In one form of a transferrable licenses system, an absolute limit is set on total regional pollutant emissions. The right to emit those pollutants is broken into small increments, and those rights are auctioned to the highest bidder. Those source owners with low control costs will choose to install control equipment rather than pay for expensive emissions licenses. Those with high control costs will bid up the price of emissions licenses rather than install controls. Payments for the licenses can be used then to offset part of the installation costs of those owners that chose control programs over emissions licenses. After initial bidding, licenses to emit can be bought and sold in an open market to facilitate adjustments between source owners.
The main advantage of such a system is that source owners can use their expertise in choosing control methods and minimizing total control costs.

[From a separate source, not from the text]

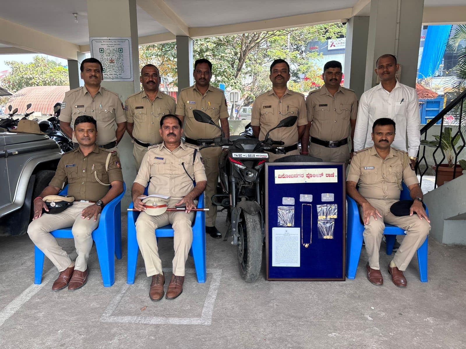 ಶಿವಮೊಗ್ಗ ವಿನೋಬನಗರ 16ನೇ ತಿರುವಿನಲ್ಲಿ 2025ರ ನ.18 ರಂದು ಬೈಕ್ನಲ್ಲಿ ಬಂದಿದ್ದ ಇಬ್ಬರು, ಪಾದಚಾರಿ ಹೊನ್ನಮ್ಮ ಅವರ ಬಂಗಾರದ ಮಾಂಗಲ್ಯ ಸರ ಕಿತ್ತು ಪರಾರಿಯಾಗಿದ್ದರು. ಈ ಬಗ್ಗೆ ವಿನೋಬನಗರ ಠಾಣೆಗೆ ದೂರು ನೀಡಿದ್ದರು. ಡಿವೈಎಸ್ಪಿ ಟಿ.ಸಂಜೀವ್ ಕುಮಾರ್ ಮಾರ್ಗದರ್ಶನದಲ್ಲಿ ವಿನೋಬನಗರ ಸಿಪಿಐ ಡಿ.ಕೆ.ಸಂತೋಷಕುಮಾರ್ ಉಸ್ತುವಾರಿಯಲ್ಲಿ ಪಿಎಸ್ಐ ಜಿ.ತಿರುಮಲೇಶ್ ಮತ್ತು ಸಿಬ್ಬಂದಿ ಕೆ.ಆರ್.ರಾಜು, ಬಿ.ಚಂದ್ರಾನಾಯ್ಕ, ಎಸ್.ಜಿ.ಮಲ್ಲಪ್ಪ, ಎನ್.ಕೆ.ಅರುಣ್ಕುಮಾರ್, ಮನುಶಂಕರ ಅವರನ್ನೊಳಗೊಂಡ ತಂಡ ಕಾರ್ಯಾಚರಣೆ ನಡೆಸಿ ಆರೋಪಿಗಳನ್ನು ಬಂಧಿಸಿದೆ.ವಿನೋಬನಗರ 16ನೇ ತಿರುವಿನಲ್ಲಿ ಮಾಂಗಲ್ಯಸರ ಕಳ್ಳತನ ಮಾಡಿದ್ದ ಪ್ರಕರಣದಲ್ಲಿ ವಲ್ಲರಸು ಮತ್ತು ಇಬ್ರಾಹಿಂ ಪಾಶಾನಿಂದ 4.80 ಲಕ್ಷ ರು. ಮೌಲ್ಯದ 40 ಗ್ರಾಂ ಬಂಗಾರದ ಗಟ್ಟಿ, 1.50 ಲಕ್ಷ ರು. ಮೌಲ್ಯದ ಬೈಕ್, ಕೇಶವನ್ ಕಡೆಯಿಂದ ಮೈಸೂರು ಪಿರಿಯಾಪಟ್ಟಣ ಠಾಣೆ ವ್ಯಾಪ್ತಿಯ ಪ್ರಕರಣದಲ್ಲಿ 8.50 ಲಕ್ಷ ರು. ಮೌಲ್ಯದ 70 ಗ್ರಾಂ ಮಾಂಗಲ್ಯ ಸರ ಹಾಗೂ ವಿನೋಬನಗರ ಠಾಣಾ ವ್ಯಾಪ್ತಿಯ ಪ್ರಕರಣದಲ್ಲಿ 10.20 ಲಕ್ಷ ರು. ಮೌಲ್ಯದ 60 ಗ್ರಾಂ ಬಂಗಾರದ ಆಭರಣ ಜಪ್ತಿ ಮಾಡಿದ್ದಾರೆ.

It is often argued that such market-based systems require that government regulators need less technical information about air quality problems. The notion is probably false. To determine the magnitude of the number of emissions licenses and the geographical extent of trading that
will not hinder the pollution control program, the regulator needs to know the science of emissions and air quality. An example of source-apportionment modeling used to establish the proper number of transferrable permit units and to test for anomalous effects of geographic distribution is given by Cass et al. (1982).
Although the procedures for selecting an optimal emission control strategy are widely available, it can be argued with some justification that they are seldom used effectively. There are a number of reasons for that. In many cases, legal mandates that carry short-time deadlines (a few months) for analysis of a complex problem simply preclude a careful technical analysis of the problem. Instead, regulatory boards are forced to guess about selecting a control program. In other cases, the human skills needed to analyze the problem are not available to the regulatory agencies. Given the large financial costs to society inherent in regional air pollution control, it is important to address the barriers to finding technically and economically sound solutions to regional visibility problems.